Your task
Output what the records say, word for word, with no images.

Data under study
========
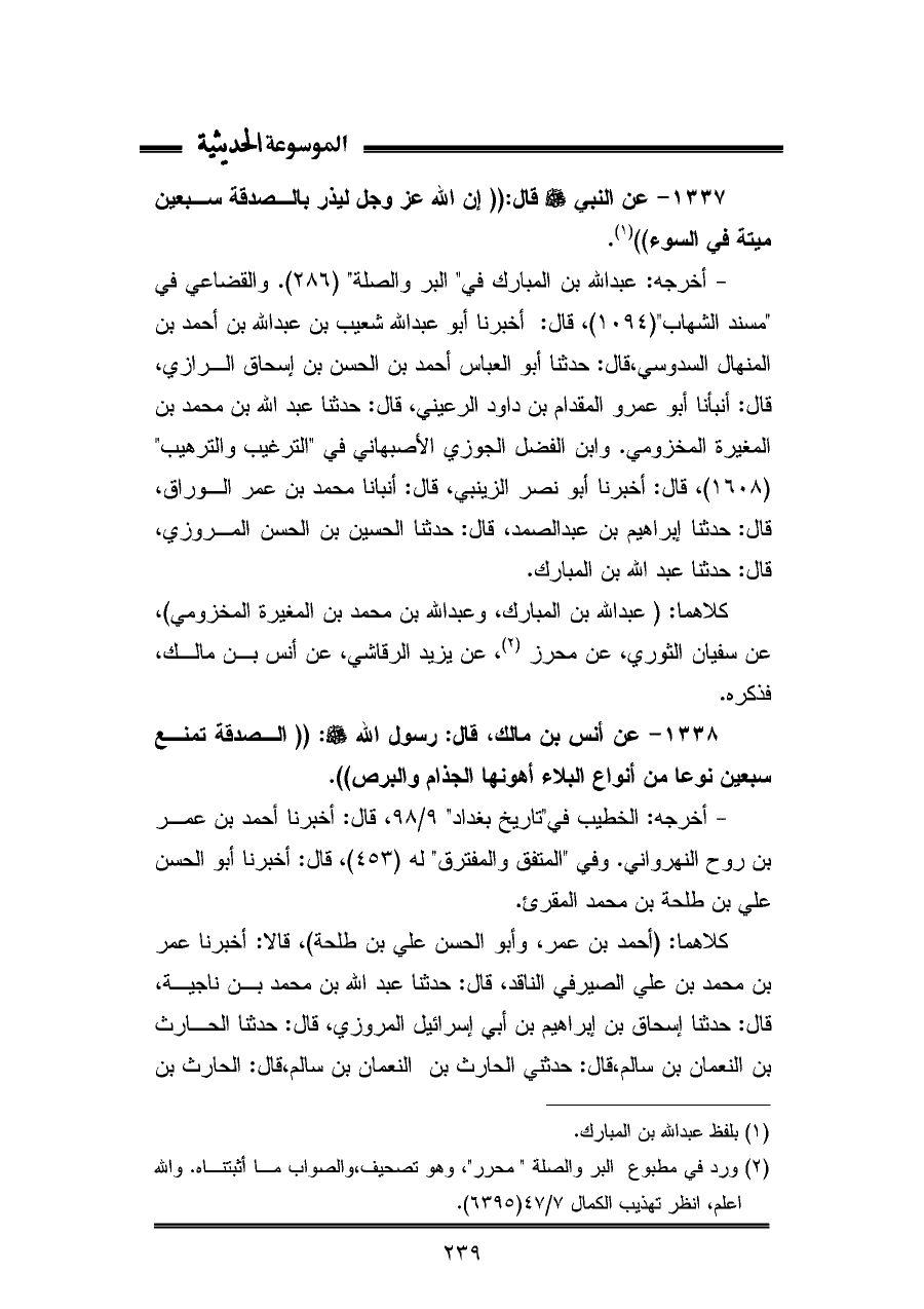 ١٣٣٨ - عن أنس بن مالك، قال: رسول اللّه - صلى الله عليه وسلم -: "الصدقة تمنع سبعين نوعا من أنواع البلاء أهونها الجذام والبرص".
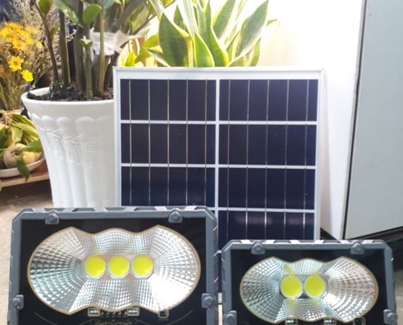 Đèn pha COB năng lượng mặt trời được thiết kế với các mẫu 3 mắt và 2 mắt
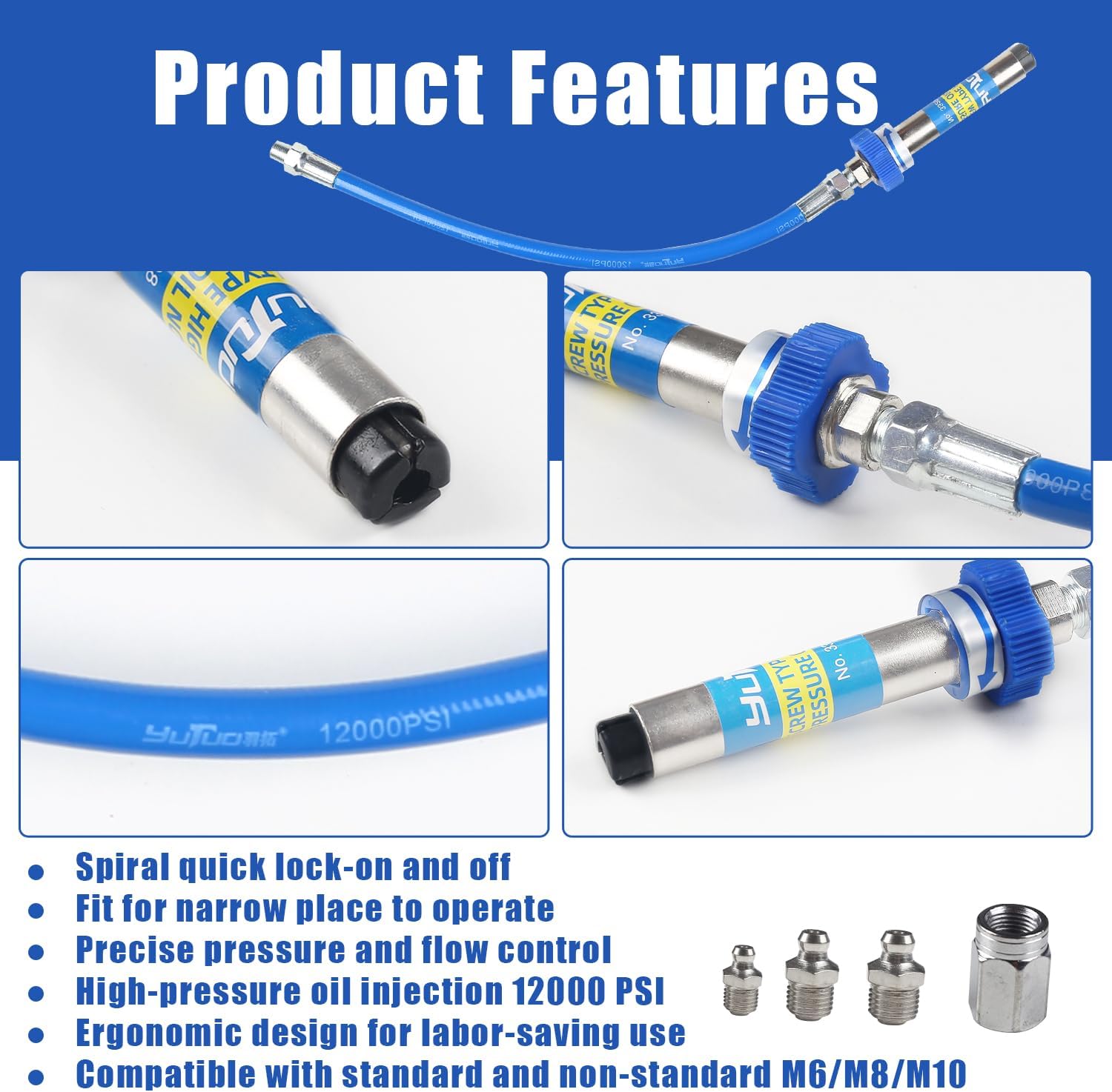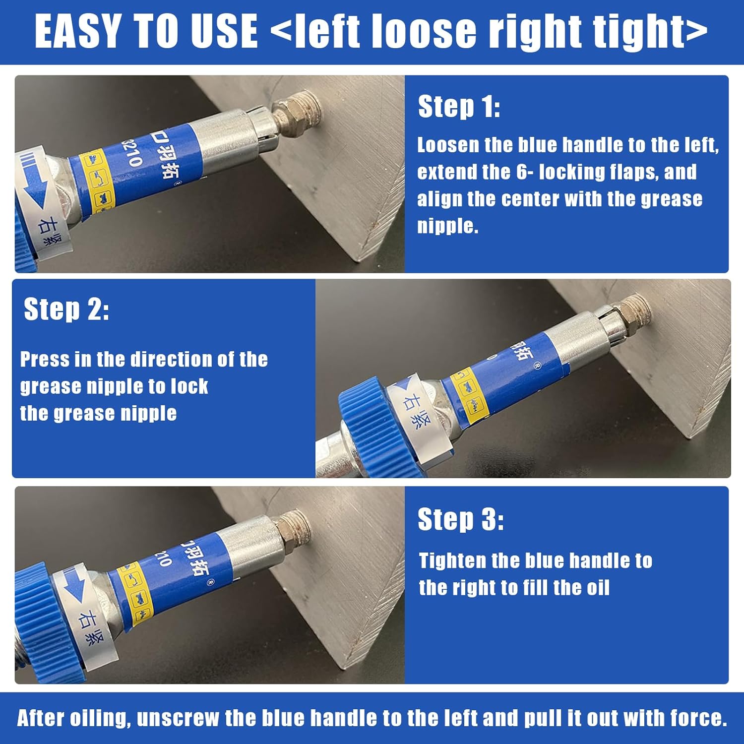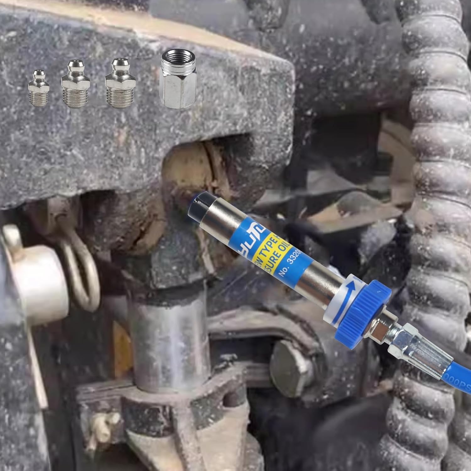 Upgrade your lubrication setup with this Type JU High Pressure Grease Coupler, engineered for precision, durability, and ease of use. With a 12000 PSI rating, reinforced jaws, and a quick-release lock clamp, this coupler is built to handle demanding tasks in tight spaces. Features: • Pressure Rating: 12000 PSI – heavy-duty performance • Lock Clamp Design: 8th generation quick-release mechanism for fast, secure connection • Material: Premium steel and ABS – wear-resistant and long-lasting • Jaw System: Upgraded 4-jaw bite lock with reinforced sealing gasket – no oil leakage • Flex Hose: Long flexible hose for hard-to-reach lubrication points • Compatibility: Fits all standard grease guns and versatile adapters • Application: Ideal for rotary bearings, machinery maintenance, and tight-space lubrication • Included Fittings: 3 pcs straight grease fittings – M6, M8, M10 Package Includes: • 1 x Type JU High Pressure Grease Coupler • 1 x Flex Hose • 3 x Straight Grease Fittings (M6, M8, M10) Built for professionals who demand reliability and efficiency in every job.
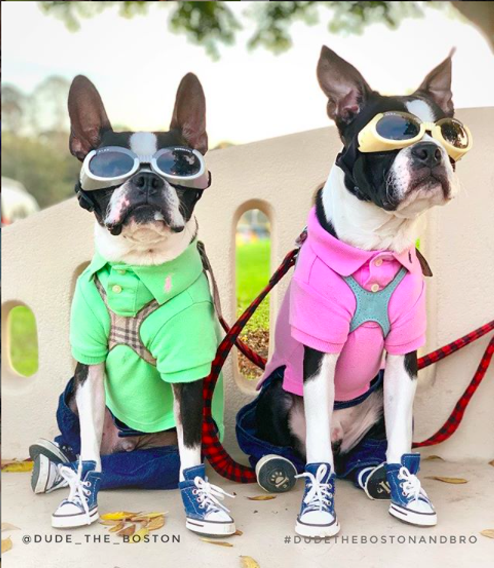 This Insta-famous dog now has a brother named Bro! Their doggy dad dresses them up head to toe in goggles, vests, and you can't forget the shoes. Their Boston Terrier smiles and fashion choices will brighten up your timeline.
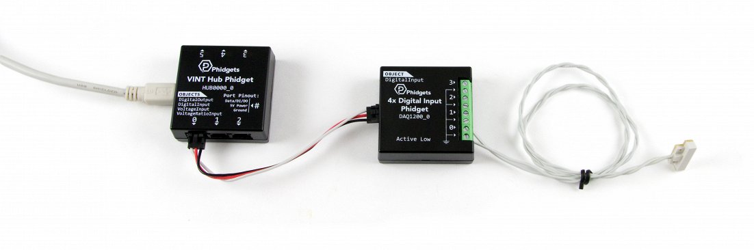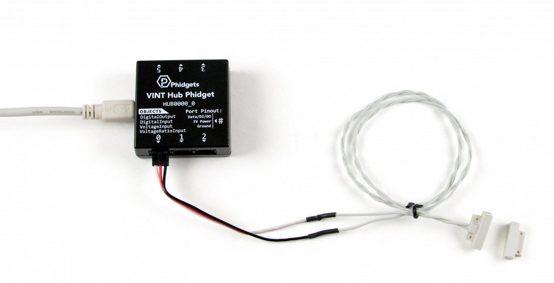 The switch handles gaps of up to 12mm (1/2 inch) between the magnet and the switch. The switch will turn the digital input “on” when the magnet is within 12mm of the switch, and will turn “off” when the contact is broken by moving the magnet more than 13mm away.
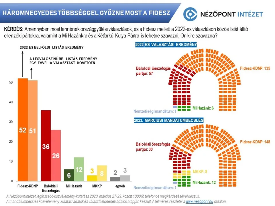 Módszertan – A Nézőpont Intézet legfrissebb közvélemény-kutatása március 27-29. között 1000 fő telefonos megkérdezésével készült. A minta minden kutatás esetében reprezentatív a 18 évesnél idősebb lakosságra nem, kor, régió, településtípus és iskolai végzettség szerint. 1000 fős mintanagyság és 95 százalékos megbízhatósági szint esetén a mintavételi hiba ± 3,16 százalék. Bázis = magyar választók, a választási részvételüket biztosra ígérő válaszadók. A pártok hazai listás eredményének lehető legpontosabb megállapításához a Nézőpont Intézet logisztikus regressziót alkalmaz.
========
Written answer
 ١٣٣٨ - عن أنس بن مالك، قال: رسول اللّه - صلى الله عليه وسلم -: "الصدقة تمنع سبعين نوعا من أنواع البلاء أهونها الجذام والبرص".
 Đèn pha COB năng lượng mặt trời được thiết kế với các mẫu 3 mắt và 2 mắt
 Upgrade your lubrication setup with this Type JU High Pressure Grease Coupler, engineered for precision, durability, and ease of use. With a 12000 PSI rating, reinforced jaws, and a quick-release lock clamp, this coupler is built to handle demanding tasks in tight spaces. Features: • Pressure Rating: 12000 PSI – heavy-duty performance • Lock Clamp Design: 8th generation quick-release mechanism for fast, secure connection • Material: Premium steel and ABS – wear-resistant and long-lasting • Jaw System: Upgraded 4-jaw bite lock with reinforced sealing gasket – no oil leakage • Flex Hose: Long flexible hose for hard-to-reach lubrication points • Compatibility: Fits all standard grease guns and versatile adapters • Application: Ideal for rotary bearings, machinery maintenance, and tight-space lubrication • Included Fittings: 3 pcs straight grease fittings – M6, M8, M10 Package Includes: • 1 x Type JU High Pressure Grease Coupler • 1 x Flex Hose • 3 x Straight Grease Fittings (M6, M8, M10) Built for professionals who demand reliability and efficiency in every job.
 This Insta-famous dog now has a brother named Bro! Their doggy dad dresses them up head to toe in goggles, vests, and you can't forget the shoes. Their Boston Terrier smiles and fashion choices will brighten up your timeline.
 The switch handles gaps of up to 12mm (1/2 inch) between the magnet and the switch. The switch will turn the digital input “on” when the magnet is within 12mm of the switch, and will turn “off” when the contact is broken by moving the magnet more than 13mm away.
 Módszertan – A Nézőpont Intézet legfrissebb közvélemény-kutatása március 27-29. között 1000 fő telefonos megkérdezésével készült. A minta minden kutatás esetében reprezentatív a 18 évesnél idősebb lakosságra nem, kor, régió, településtípus és iskolai végzettség szerint. 1000 fős mintanagyság és 95 százalékos megbízhatósági szint esetén a mintavételi hiba ± 3,16 százalék. Bázis = magyar választók, a választási részvételüket biztosra ígérő válaszadók. A pártok hazai listás eredményének lehető legpontosabb megállapításához a Nézőpont Intézet logisztikus regressziót alkalmaz.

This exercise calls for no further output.